■ TASK DESCRIPTION: Using the data below, transcribe exactly everything from the line that contains "group of students" down to the line that contains "The Savoy House". Include both of those lines and none of the pictures.

■ DATA TO PROCESS:
┄┄┄┄┄┄┄┄┄┄

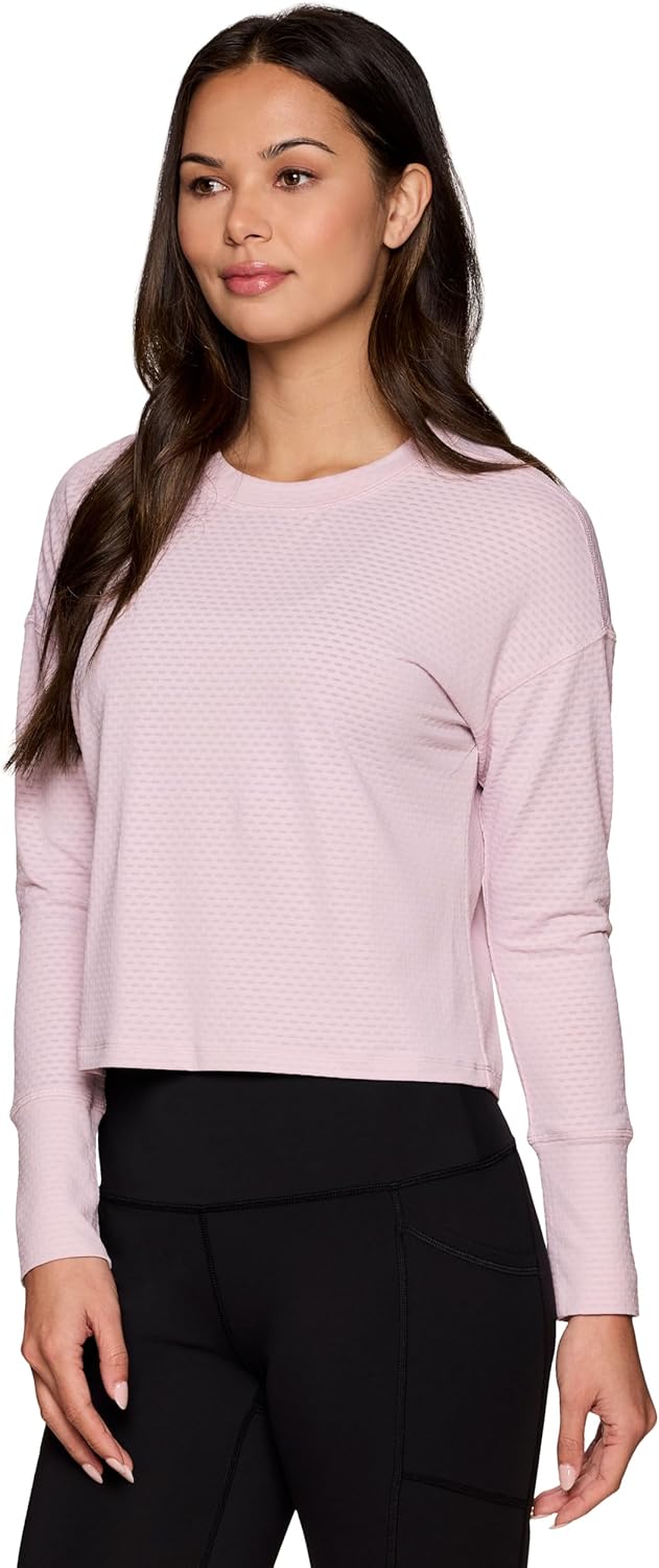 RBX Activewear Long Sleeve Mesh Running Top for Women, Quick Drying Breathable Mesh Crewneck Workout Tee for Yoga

┄┄┄┄┄┄┄┄┄┄

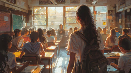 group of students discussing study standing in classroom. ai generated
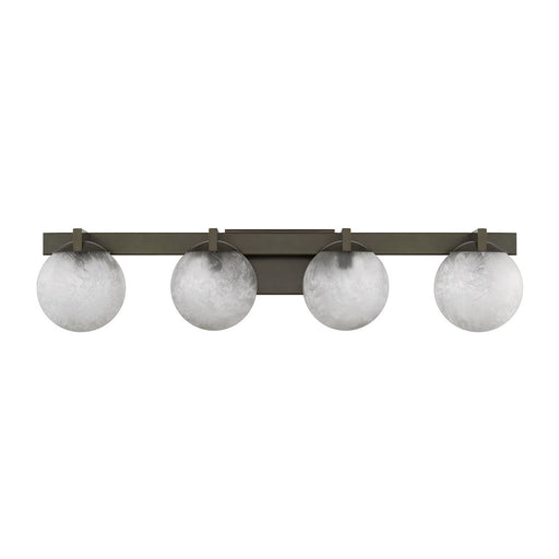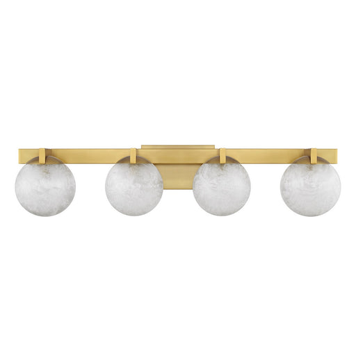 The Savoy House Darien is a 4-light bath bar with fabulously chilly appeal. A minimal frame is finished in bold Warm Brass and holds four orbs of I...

┄┄┄┄┄┄┄┄┄┄

■ SOLVED EXERCISE:
 group of students discussing study standing in classroom. ai generated
 The Savoy House Darien is a 4-light bath bar with fabulously chilly appeal. A minimal frame is finished in bold Warm Brass and holds four orbs of I...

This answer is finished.